- [WORK INSTRUCTIONS] From start to end, write out the following data exactly, apart from its images.

::: COLLECTED MATERIAL :::

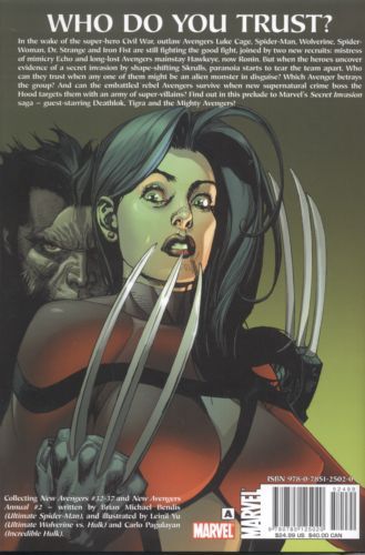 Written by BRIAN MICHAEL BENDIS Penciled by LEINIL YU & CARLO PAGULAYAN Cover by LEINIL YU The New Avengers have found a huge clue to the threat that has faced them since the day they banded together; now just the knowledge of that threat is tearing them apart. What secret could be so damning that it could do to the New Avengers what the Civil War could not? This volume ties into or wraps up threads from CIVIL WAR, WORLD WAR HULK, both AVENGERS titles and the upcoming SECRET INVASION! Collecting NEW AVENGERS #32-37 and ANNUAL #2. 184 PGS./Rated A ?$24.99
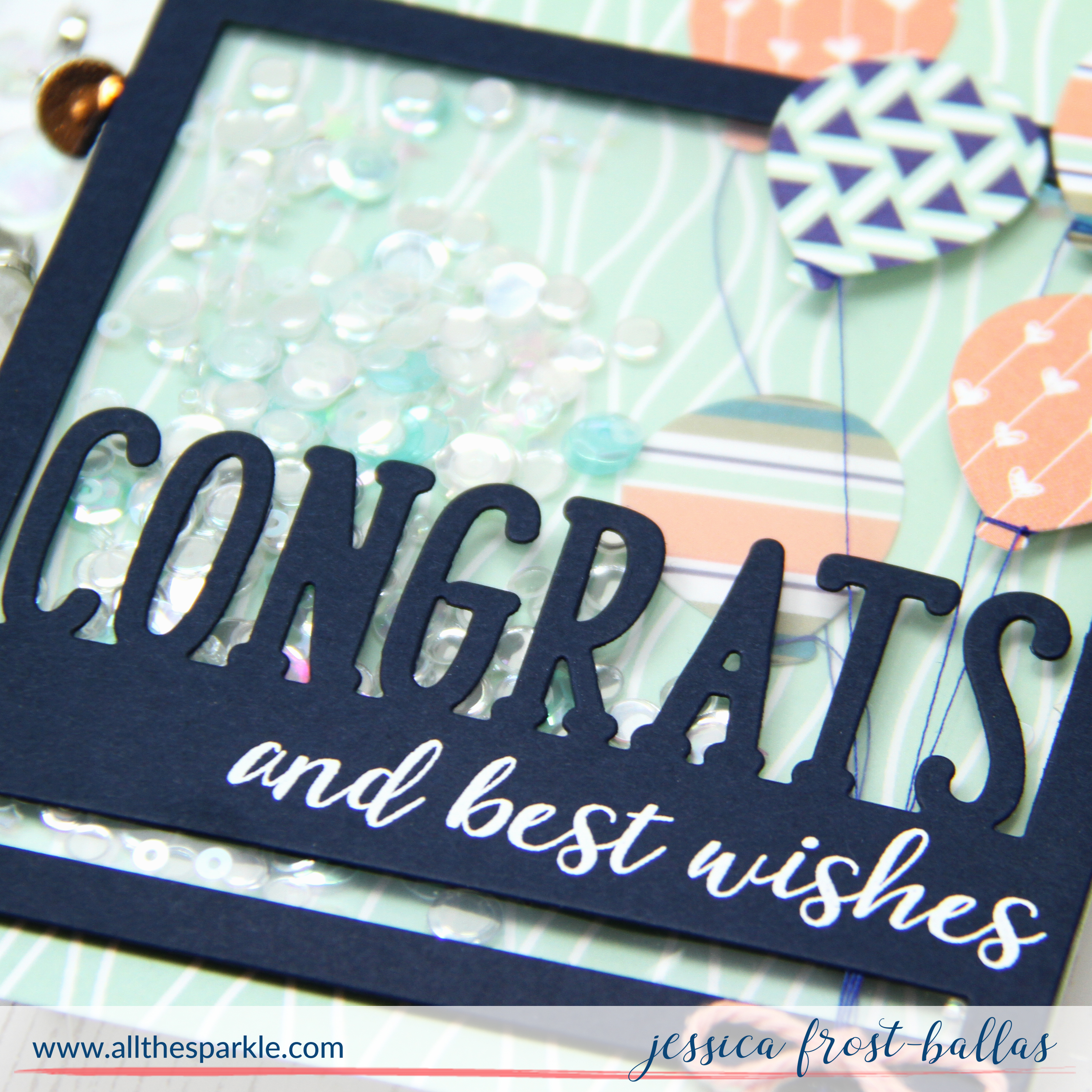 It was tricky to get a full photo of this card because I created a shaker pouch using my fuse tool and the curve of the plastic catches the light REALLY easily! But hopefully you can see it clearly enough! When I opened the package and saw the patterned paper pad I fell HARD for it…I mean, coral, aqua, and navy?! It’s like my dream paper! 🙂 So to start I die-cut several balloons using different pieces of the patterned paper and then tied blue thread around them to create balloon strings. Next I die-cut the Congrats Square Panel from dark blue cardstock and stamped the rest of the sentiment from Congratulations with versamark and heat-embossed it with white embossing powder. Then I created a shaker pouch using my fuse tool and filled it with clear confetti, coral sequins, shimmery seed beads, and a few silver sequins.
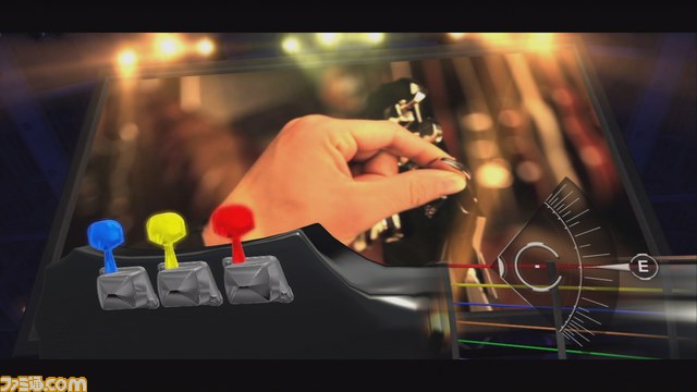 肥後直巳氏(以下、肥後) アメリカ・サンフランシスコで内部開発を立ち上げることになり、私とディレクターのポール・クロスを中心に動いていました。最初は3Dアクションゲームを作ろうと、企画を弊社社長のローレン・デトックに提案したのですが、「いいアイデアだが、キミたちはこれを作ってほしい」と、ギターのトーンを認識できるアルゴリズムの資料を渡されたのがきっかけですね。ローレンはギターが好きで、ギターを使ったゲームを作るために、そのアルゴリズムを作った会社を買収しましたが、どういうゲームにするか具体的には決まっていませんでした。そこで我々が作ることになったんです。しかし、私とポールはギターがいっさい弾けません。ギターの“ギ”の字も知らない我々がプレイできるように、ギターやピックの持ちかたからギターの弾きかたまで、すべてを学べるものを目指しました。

:::

- [RESULT OF THE EXERCISE]
 Written by BRIAN MICHAEL BENDIS Penciled by LEINIL YU & CARLO PAGULAYAN Cover by LEINIL YU The New Avengers have found a huge clue to the threat that has faced them since the day they banded together; now just the knowledge of that threat is tearing them apart. What secret could be so damning that it could do to the New Avengers what the Civil War could not? This volume ties into or wraps up threads from CIVIL WAR, WORLD WAR HULK, both AVENGERS titles and the upcoming SECRET INVASION! Collecting NEW AVENGERS #32-37 and ANNUAL #2. 184 PGS./Rated A ?$24.99
 It was tricky to get a full photo of this card because I created a shaker pouch using my fuse tool and the curve of the plastic catches the light REALLY easily! But hopefully you can see it clearly enough! When I opened the package and saw the patterned paper pad I fell HARD for it…I mean, coral, aqua, and navy?! It’s like my dream paper! 🙂 So to start I die-cut several balloons using different pieces of the patterned paper and then tied blue thread around them to create balloon strings. Next I die-cut the Congrats Square Panel from dark blue cardstock and stamped the rest of the sentiment from Congratulations with versamark and heat-embossed it with white embossing powder. Then I created a shaker pouch using my fuse tool and filled it with clear confetti, coral sequins, shimmery seed beads, and a few silver sequins.
 肥後直巳氏(以下、肥後) アメリカ・サンフランシスコで内部開発を立ち上げることになり、私とディレクターのポール・クロスを中心に動いていました。最初は3Dアクションゲームを作ろうと、企画を弊社社長のローレン・デトックに提案したのですが、「いいアイデアだが、キミたちはこれを作ってほしい」と、ギターのトーンを認識できるアルゴリズムの資料を渡されたのがきっかけですね。ローレンはギターが好きで、ギターを使ったゲームを作るために、そのアルゴリズムを作った会社を買収しましたが、どういうゲームにするか具体的には決まっていませんでした。そこで我々が作ることになったんです。しかし、私とポールはギターがいっさい弾けません。ギターの“ギ”の字も知らない我々がプレイできるように、ギターやピックの持ちかたからギターの弾きかたまで、すべてを学べるものを目指しました。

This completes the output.